Het uitgangspunt van de inspectie voor het toezichtkader zal zijn dat de verplichting voor instellingen tot het geven van medezeggenschap standaard onderdeel uitmaakt van de reguliere bezoeken van de inspectie in het kader van het risicogebaseerde toezicht. Ook zal de inspectie eventueel ontvangen signalen en meldingen over het mogelijk door de aanbieder niet of gebrekkig invullen van deze wettelijke verplichting in haar toezicht betrekken. Indien de IGJ constateert dat een instelling de wetsartikelen waar de IGJ op toeziet niet naleeft, kan de inspectie de betreffende instelling verbetermaatregelen opdragen. Indien een zorgaanbieder vervolgens weigert om daadwerkelijk invulling te geven aan medezeggenschap, kan de inspectie handhavend optreden door middel van een last onder bestuursdwang/dwangsom.
Capaciteit IGJ
In de regel zal de inspectie voor deze taak geen extra bezoeken afleggen waarvoor extra capaciteit nodig zou zijn. Ook spreekt de IGJ tijdens inspectiebezoeken in beginsel al standaard met cliëntenraden. Ik ben dan ook vooralsnog van oordeel dat de inspectie voor haar nieuwe toezichtstaak voldoende is toegerust en, met andere woorden, daarvoor geen extra capaciteit nodig zal hebben.
Monitoring
Monitoring door de inspectie vindt plaats in het kader van de maatschappelijke jaarverantwoording van zorginstellingen. Ten aanzien van medezeggenschap dienen instellingen in hun Jaardocument Maatschappelijke Verantwoording (JMV) jaarlijks concrete gegevens aan te leveren over:
• de aanwezigheid van cliëntenraden;
• de ondersteuning van cliëntenraden in financiële en materiële zin en de tevredenheid van de cliëntenraad/raden, hierover;
• het aantal door de cliëntenraad uitgebrachte ongevraagde adviezen;
• de mate waarin die ongevraagde adviezen tot maatregelen hebben geleid in de organisatie; en
• de instelling van een commissie van vertrouwenslieden dan wel aansluiting bij de landelijke vertrouwenscommissie.
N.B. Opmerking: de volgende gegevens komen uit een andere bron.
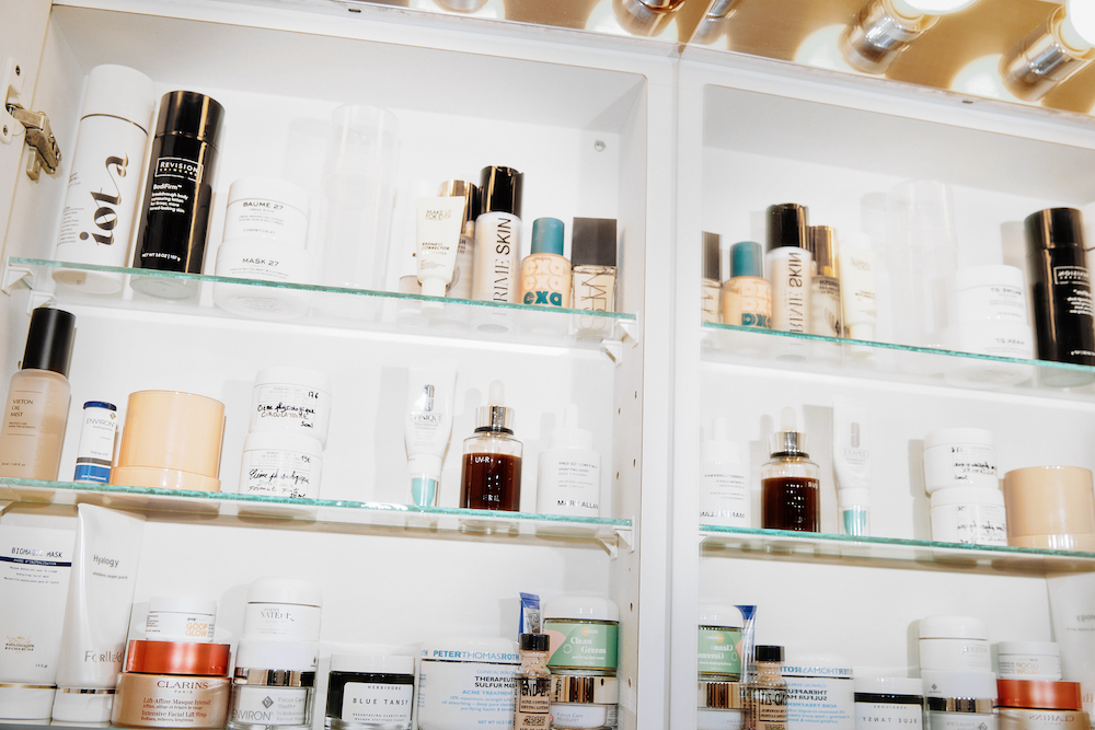 My cleansers are usually really mild. I use CeraVe’s cream-to-foam cleanser to take off stage makeup. I also love Sofie Pavitt’s Clean Clean cleanser, too. Day-to-day, I really like the Hyalogy P-Effect Clearance Cleansing Wash as the first step of my double cleanse, followed by the Hyalogy Creamy Wash. I never feel stripped after I use it. Every two to three weeks, I’ll do a major skin clean out. I alternate between the KaramMD Polish Enzymatic Exfoliator and the Jan Marini Bioglycolic face cleanser, which is pretty strong. I’ve learned from experience that I can only keep it on my skin for 30 seconds to a minute before I have to take it off; if I leave it on longer, I end up very red.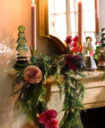 Weave in a strand of twinkling fairy lights for a cozy glow, then tuck in burgundy velvet ribbon and gold-painted eucalyptus sprigs for a luxe touch. Cluster in red berries and pinecones (give them a quick dusting with faux snow for extra wintry flair), and nestle white pillar candles among the greenery.

De IGJ gebruikt die gegevens bij haar risicogestuurd toezicht. Dat zal na het inwerkingtreden van de Wmcz 2018 niet anders zijn. Indien er in het kader van het toezicht op de Wmcz 2018 relevante ontwikkelingen zijn ten aanzien van cliëntenraden en medezeggenschap wordt uw Kamer hierover jaarlijks geïnformeerd via het «Jaarbeeld» van de IGJ.